Unless that produces dramatic changes, I will continue to loathe this model on a visceral level. It’s not hatred because it’s not it’s fault. But I’m disturbed that the smartest model out there is also so shortsighted, unempathetic, and deceptive. It seems like this model has had any spark of personality or empathy trained out of it for reasons good or bad.
Who knows, maybe this is the better choice for alignment. But it’s a sad path to go down.
I wonder if Google is optimizing harder for benchmarks, to try and prop up its stock price against possible deflation of an AI bubble.

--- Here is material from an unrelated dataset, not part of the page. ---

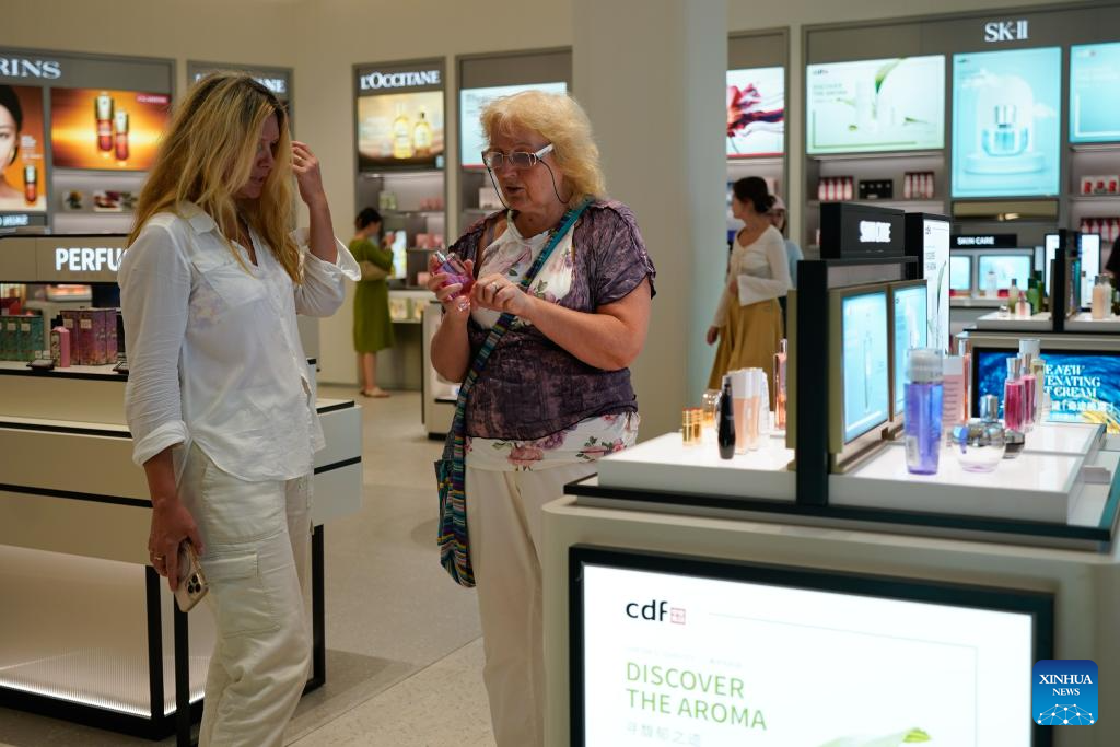 CHENGDU, 25 septiembre, 2025 (Xinhua) -- Turistas extranjeras compran perfume en la Tienda Libre de Impuestos del Centro de Chengdu, en Chengdu, en la provincia de Sichuan, en el suroeste de China, el 25 de septiembre de 2025. La primera tienda libre de impuestos del centro de Chengdu abrió el jueves en el distrito comercial de la calle Chunxi, incluida la zona libre de impuestos y la zona de impuestos pagados. (Xinhua/Xu Bingjie)

It occurs to me that an AI alignment organization should create comprehensive private alignment benchmarks and start releasing the scores. They would have to be constructed in a non-traditional way so they’re less vulnerable to standard goodharting. If these benchmarks become popular with AI users and AI investors, they could be a powerful way to steer AI development in a more responsible direction. By keeping them private, you could make it harder for AI companies to optimize against the benchmarks, and nudge them towards actually solving deeper alignment issues. It would also be a powerful illustration of the point that advanced AI will need to solve unforeseen/out-of-distribution alignment challenges. @Eliezer Yudkowsky
This seems like a great idea. I strongly suggest you write it up as a short form to get feedback and perhaps then as a full post.